Disease gene and genotype
The genotype refers to the genetic constitution of an individual, which is responsible for a particular trait. To better understand both etiology and mechanisms of disease, both gene and genotype information is necessary. In the present study, we collected disease-gene associations from several existing databases including Orphanet, OMIM, UniProtKB (23–25), ClinVar (26), DISEASES (including text-mined data) (27) and DisGeNET (CTD data) (28,29), as well as disease-gene associations inferred by the disease comorbidity-based network approach (30) using data in ClinVar. To make a better classification, we divided all these associations into three categories: curated (data manually curated by experts or validated by experiments), text-mined and inferred disease–gene associations. In total, eRAM contains 316 311 disease–gene association records currently, including 18 815 genes and 5593 diseases. For all genes, we collected, the corresponding locus information was also added. eRAM contains genotype information from the following resources: (i) existing databases: DisGeNET, GWASdb (31), LOVD (32) and PharmGKB (33); (ii) data from Beijing Children's hospital. In total, eRAM contains 92 580 gene variants. Users can view those data through clicking the ‘gene’ or ‘genotype’ button after querying a disease.
DISEASE CONNECTIONS
Connecting diseases with similar pathological mechanisms can inspire novel strategies on the effective repositioning of existing drugs and therapies (34). Usually, disease pairs sharing more involved genes or phenotypic information are more likely to have similar pathological mechanisms (35,36). Thus, we connected diseases by both phenotype-based and gene-based approaches (phenotypes and genes are curated or text-mined) using the following method.
Calculation of Phenotype-Based disease similarity
We adopted the equation of symptoms-based disease similarity introduced in previous work to calculate the phenotype-based disease similarity (37). The similarity ranges from 0 (no shared phenotype) to 1 (identical phenotypes). Details together with an example of phenotype-based disease similarity method are provided in Supplementary 3.
Calculation of Gene-Based disease similarity
We calculated gene-based disease similarity by determining the uniqueness of shared genes described in the former research (38). Details together with an example of gene-based disease similarity evaluation method are provided in Supplementary 4.
Users can retrieve top ten similar diseases based on phenotype-based or gene-based similarity for each disease from eRAM. The disease similarity generated from the phenotype-based method provides additional information on disease connections (Figure 1E), thus complementing the molecular biology-based classifying approach (20,39,40). In addition, to ensure the integrity of the gene-based disease connections, we combined disease-gene associations from all three categories, and obtained a gene-disease matrix connecting 17 324 genes with 5593 disease entries.
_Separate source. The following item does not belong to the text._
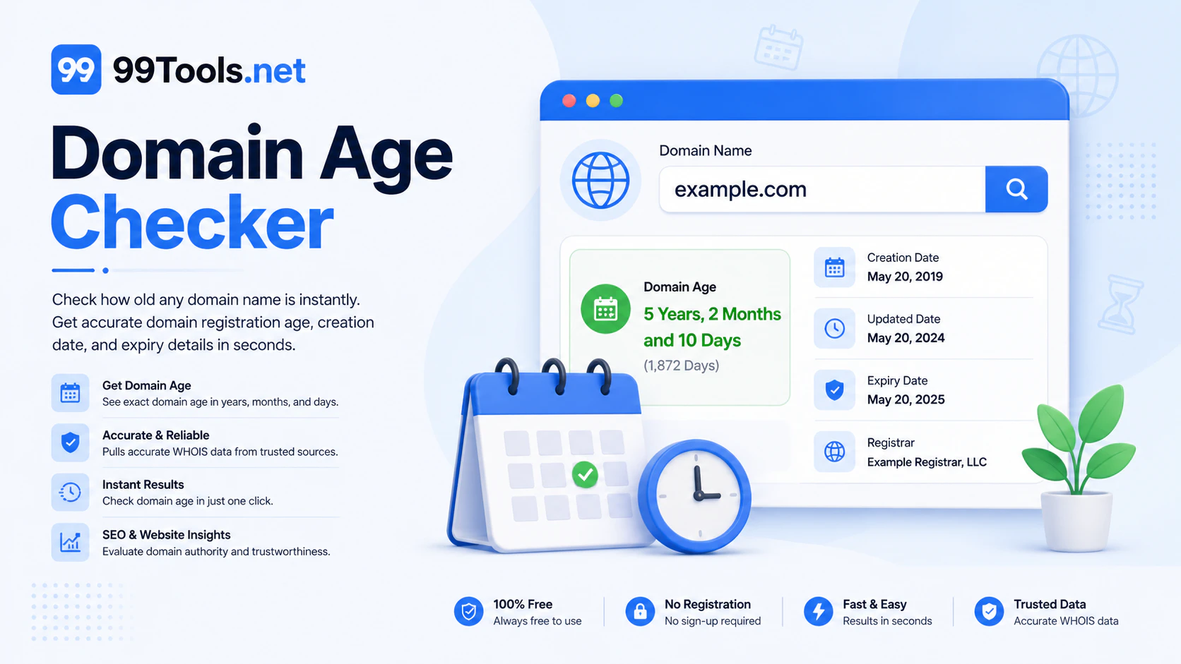 수많은 도메인의 이력을 일일이 확인하는 번거로움을 해결합니다. SEO 전문가와 도메인 헌터가 수천 개의 URL을 즉시 분석할 수 있도록 돕습니다. 정확한 등록일, 만료 정보, 도메인 연령 데이터를 깔끔하고 내보내기 가능한 형식으로 제공하여 만료된 도메인을 찾거나 대규모 포트폴리오를 감사할 때 필요한 속도와 정확성을 제공합니다.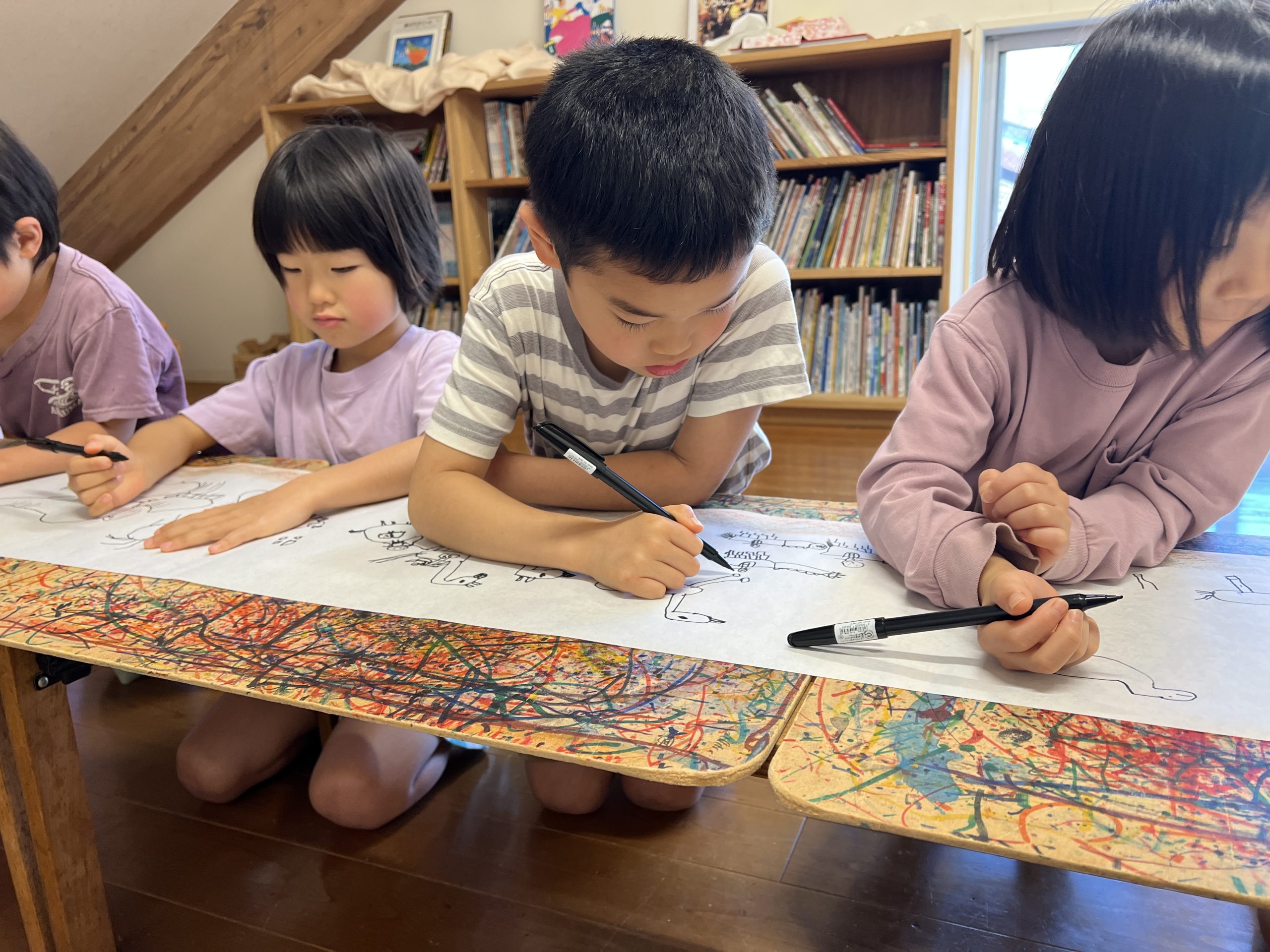 お昼寝後は長い和紙に、みんなで馬の絵を描きます。

The supplementary associations extracted from the inferred and text-mined categories intensify the disease network, suggesting much complicated relationships among diseases.
The gene-based and phenotype-based approaches expand connections among diseases in eRAM. However, when studying the mechanism-based disease connection in rare diseases, connections to common diseases are also very informative (41). Thus, we added connections between rare diseases and common diseases in two ways:
Connecting rare diseases to common diseases by gene based and phenotype-based methods. We integrated a common disease list by integrating common diseases in DO, and then we integrated disease–gene and disease–phenotype associations from HPO. In total, 9633 common diseases with 5317 disease-gene associations and 8906 disease-phenotype associations were generated.
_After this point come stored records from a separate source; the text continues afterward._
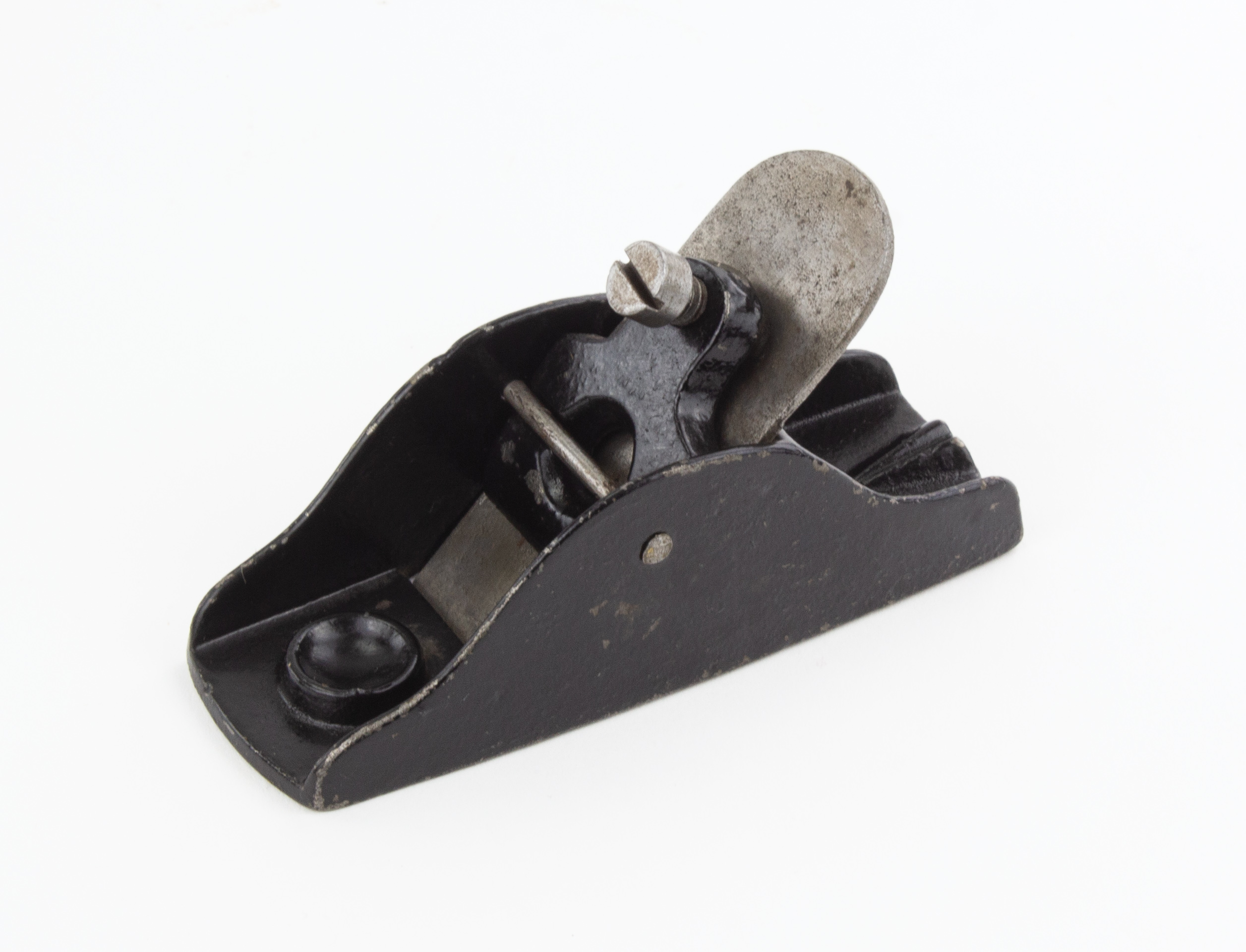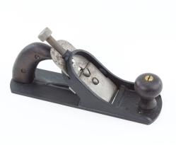 B68-178 MINIATURE BLOCK PLANE. 4" sole, 1-1/8" cutter marked "H.B & Son, Prolific, Sheffield," which stands for Henry Bernascone & Son. Resembles a Stanley No. 101 but larger, lever cap has open hole in center and flat-head locking screw, held with pin through cheeks. Cast thumb rest, japanning 95%. From the collection of Harold Unruh. Good+ 50-100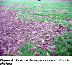 If re-sowing is delayed till the cockchafer activity ceases, the prevailing cold conditions will lead to slow pasture establishment and delayed growth for several months.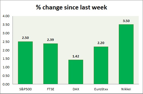 - German DAX is up (+1.1%), France's CAC40 is up (+1.1%), Italy's FTSE MIB is up (+1.8%), Spain's IBEX is up (+1.5%).
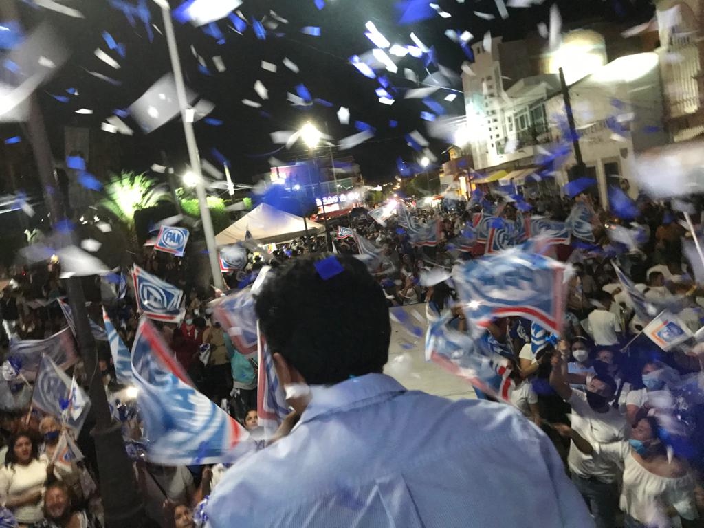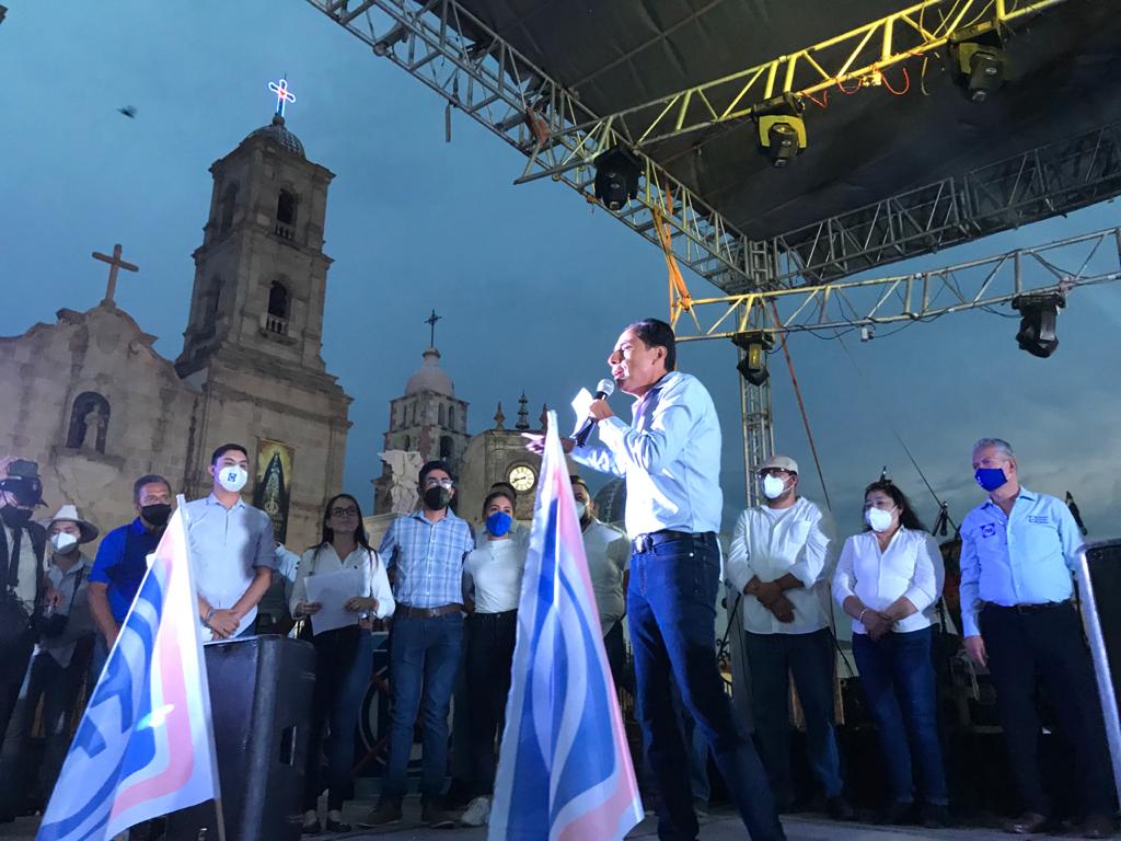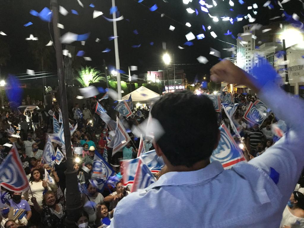 Con música de la banda “La Huérfana” de Michoacan los cuaramarenses con alegría bailaron y disfrutaron el cierre de campaña protagonizado por la ola azul (PAN).

Connecting rare diseases to common diseases by comorbidity. The comorbidity information in eRAM was mainly collected in two ways: (i) extracted from electronic health records (EHRs). We extracted the disease comorbidity information from Multiparameter Intelligent Monitoring in Intensive Care (MIMIC II) database, from which we collected 34 261 unique disease comorbidity pairs. This information has been presented in eRAM in the comorbidity section. (ii) Text-mined disease comorbidity information from MEDLINE. We first integrated disease concepts from eRAM, DO and OMIM, and obtained 171 938 disease terms (including synonyms). We then adopted the pattern-based approach described above to mine the literature from MEDLINE database. In total, 8 488 796 abstracts and 774 514 full-text articles were text-mined respectively, resulting in 142 422 unique disease comorbidity pairs with 356 845 sentences. The text-mining results were manually curated by experts in Beijing Children's hospital. All the text-mined sentences as well as their PMIDs have been deposited in eRAM.
DISCUSSION
Nowadays, rare diseases have drawn a lot of attention worldwide. NIH has launched Undiagnosed Disease Program for rare disease study and Canada has funded the Canadian FORGE (Finding of Rare Disease Genes) initiative (42). Similarly, the United Kingdom has conducted 100K genome project that includes a major focus on rare inherited diseases with the goal of introducing genomics diagnostics into the mainstream healthcare system for the benefit of patients and researchers (43). All of those projects rely on precisely defining the clinical phenotypes and symptoms. As a comprehensive platform for rare disease research and diagnoses, eRAM provides enriched clinical and molecular annotations for 15 942 rare diseases, consisting of integrated 6147 human disease-related phenotypic terms, 31 661 mammalian phenotypic terms, 10 202 symptoms standardized by UMLS, 18 815 genes and 92 580 genotypes, which provides systematic information combining clinical manifestations and molecular mechanisms. For convenient communication, a community-based disease annotation system has also been developed in the eRAM, where researchers and clinicians can exchange the latest advances and discoveries in rare diseases.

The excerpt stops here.